Kenya Power’s problems basically start with the unwillingness by the government to take difficult decisions to reform and streamline the electricity sector.

Photo credit: File | Nation Media Group

Kenya Power has yet again reported losses in the latest financial results published last week. Well, I won’t dwell too much on the details, lest I sound like a broken record.

Still, the publication of the utility company’s financial results, is a good time to discuss policy failures in the broader electricity sector that continue to consign the consumer to a regime of consistently rising prices.

Kenya Power’s problems basically start with the unwillingness by the government to take difficult decisions to reform and streamline the electricity sector.

When electricity consumer prices go up, or whenever we experience frequent outages, the public outrage is directed at this single off-taker. Nobody seems to know what needs to be done differently.

Yet what we have now is a confused combination of a regulated and deregulated marketplace.

We must accept that the existing model for calculating pricing is totally broken. How can you expect a company to operate profitably when both the price at which it buys its raw material and the price at which it sells to retailers is controlled by some lazy bureaucrats sitting on armchairs in a government offices?

Headed nowhere

Make no mistake: I am not making excuses for the years of corruption and mismanagement we have seen at Kenya Power. I merely question the economic model and policy failures that touch on the broader electricity industry. Until we change the model and confront the shortcomings in the broader regulation of the electricity sector, we are headed nowhere.

We must, for instance, address the case for restoring a balance in the sharing of investment risks and profits between industry players, mismatches in the setting of wholesale and retailer prices, regular updating of the least-cost power development plan and automatic and prompt reimbursement by the government of costs for services that have to be extended to the public at subsidised prices.

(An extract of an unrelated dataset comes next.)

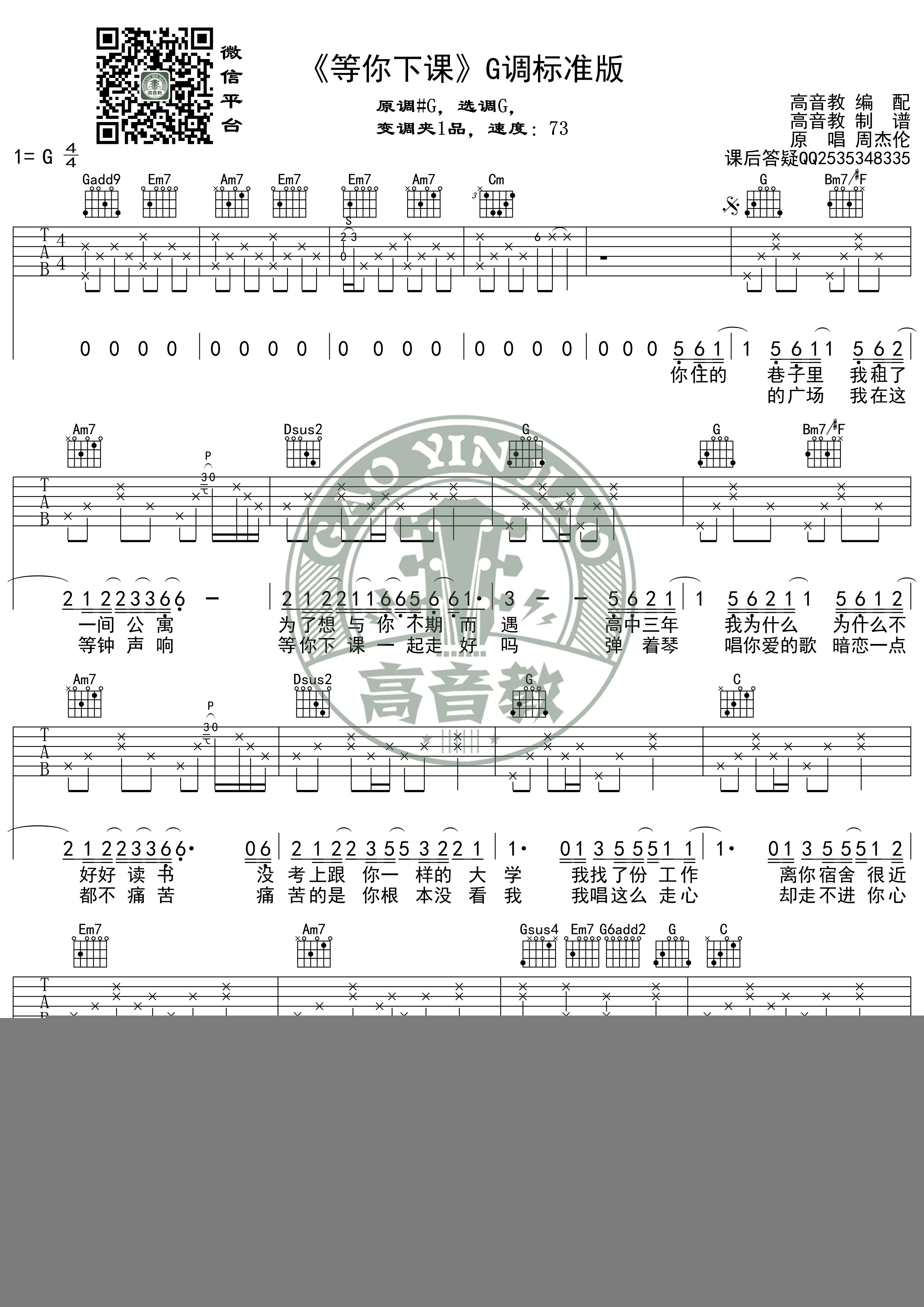 等你下课 标准版吉他谱 - 周杰伦 - G调吉他弹唱谱

A sustainable revival of the financial fortunes of Kenya Power will not happen if you don’t change the broken model — not even if you give the job to experts from Mars or even a committee of arch-angles. This is a lopsided financial and pricing model that rewards electricity producers but gives little incentives to the transmission and distribution side of the equation.

Create artificial demand

When you give incentives to players in such a lopsided manner, you create artificial demand for investment on one side of the sector. This investment — both public and private — in electricity distribution and transmission has been growing half as quickly as that in the generation side of the business.

Ever asked yourself why the queue of merchants interested in investing in power plants grows longer by the day?

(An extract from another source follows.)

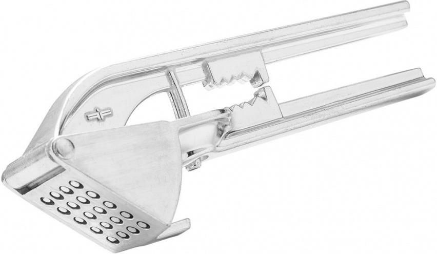 Miałem dokładnie ten sam model aluminiowy tego producenta (Florina kupiony kiedyś w Dino na promocji za ok. 10zł), ale z poważnym mankamentem - bardzo szybko trzasnął nit w zawiasie (chyba też aluminiowy), który zastąpiłem zwykłym gwoździem nierdzewnym o dopasowanej średnicy i zagiętym z drugiej strony kombinerkami, żeby nie wypadał. I tak służył ładnych parę lat, aż trzasnęła rączka przy samym pojemniczku i teraz szukam czegoś nowego i oby trwalszego. Kolce ładnie przepychały czosnek lub cebulę przez otworki i niewiele wychodziło bokami - to tyle jeśli chodzi o zalety.
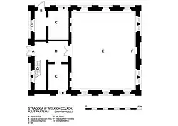 Vom Eingang im Westen gelangte man durch einen Raum zum Gebetssaal; rechts und links davon waren weitere Räume sowie eine Treppe zur Frauenempore.

Basically, the logic the government employs runs as follows: License as many merchant power plants as they come and leave it to the consumer to absorb the cost of market distortions that might arise through periodic tariff applications by Kenya Power. Chopped logic and unworkable economics, if you ask me.

This model explains the artificial demand for power purchase agreements and licences that we have today.  Some 34 power purchase agreements have been signed and issued to merchant power plants. Three — Malindi Solar (40 Mw), Eldosol Solar (40 megawatts) , Solenkei Solar (40MW) and Kipeto Wind (100MW) — are ready to roll, having served Kenya Power with commercial operation dates.

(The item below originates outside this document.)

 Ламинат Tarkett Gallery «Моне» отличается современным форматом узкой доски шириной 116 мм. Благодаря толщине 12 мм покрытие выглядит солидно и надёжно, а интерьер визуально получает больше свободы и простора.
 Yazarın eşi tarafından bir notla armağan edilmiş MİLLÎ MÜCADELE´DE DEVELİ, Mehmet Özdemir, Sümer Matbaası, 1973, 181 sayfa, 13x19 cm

In the circumstances, Kenya Power has predictably responded by lodging an application for tariff increases with the Energy and Petroleum Regulatory Authority (Epra). These were factored in the power purchase agreements. It begs the question: If this latest tariff application is not approved, where will Kenya Power get the revenues to pay for the power which the new merchants will pump into the grid?

Mark you, these are ‘take or pay’ agreements that oblige you to pay the merchants an animal called ‘capacity charges’ in the case of thermal plants and ‘deemed energy costs’ for wind and solar power — whether you take the power or not.

Ponder this: Consumer electricity prices are State-controlled through Epra. So are producer prices by the industry regulator. Feed-in tariffs for solar and wind energy are administratively determined by the Ministry of Energy and Epra.

Therefore, when it comes power purchase agreements with the merchants, Kenya Power is only invited at the end of the tail, forced to negotiate prices with politically connected merchants who, invariably, have friends in high places.

We have a pricing regime where the off-taker is left in the middle to burn the candle from both ends: On one end, the price of the raw material it uses is controlled by the government. Without a complete overhaul of the system of regulating and setting of wholesale prices of power, we will never get cheap electricity.